Posted Aug 31, 2024 - 17:22 PDT
Identified
The technical team has identified that the delays were caused by exceeding certain system limits, which affected processing. To mitigate the impact, we have initiated manual processes to address the backlog, and most tasks are progressing well, although some have needed additional attention.

Auto-processing was temporarily paused during troubleshooting and will be re-enabled once the backlog is back to normal levels.

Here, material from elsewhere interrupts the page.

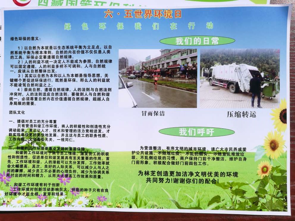 2017年6月5日,在林芝市巴宜區(qū)廈門廣場開展《六五世界環(huán)境日》環(huán)保宣傳活動(dòng),——“青山綠水便是金山銀山”,呼吁廣大市民、游客等廣大群眾參與保護(hù)雪域高原最后的碧水藍(lán)天;此次活動(dòng)由林芝市環(huán)保局牽頭組織舉辦,參與活動(dòng)單位:林芝市市政管理局、西藏國策環(huán)??萍脊煞萦邢薰玖种シ止?、林芝市農(nóng)牧局、林芝市國土資源局、林芝市發(fā)改委、中國華能、巴宜區(qū)環(huán)保局、林芝市商務(wù)局、林芝市科技局、林芝市林業(yè)局等單位。活動(dòng)現(xiàn)場也聚集市民、游客等參與環(huán)保宣傳和學(xué)習(xí)環(huán)保知識(shí)。

We are closely monitoring the system to ensure everything runs smoothly when auto-processing resumes.

While there are signs of improvement and a steady reduction in the backlog, we are also monitoring the system limits carefully to avoid further delays. We have engaged our support provider to assist in resolving the issue and are exploring options to expedite the resolution.

We will provide further updates as we continue to work toward a resolution.
Posted Aug 31, 2024 - 10:20 PDT
Investigating
Incident Description:
We are currently investigating an issue affecting our Cloud Cost Optimization platform in the North America (NAM) region. As a result, some customers may experience delays in bill processing. While the user interface remains operational, it may display outdated data.

Priority: P2

Restoration activity:
Our technical teams are actively involved and are evaluating the situation. Additionally, we are exploring potential solutions to rectify the issue as quickly as possible.
Posted Aug 31, 2024 - 04:35 PDT
This incident affected: Flexera One - Cloud Management - North America (Cloud Cost Optimization - US).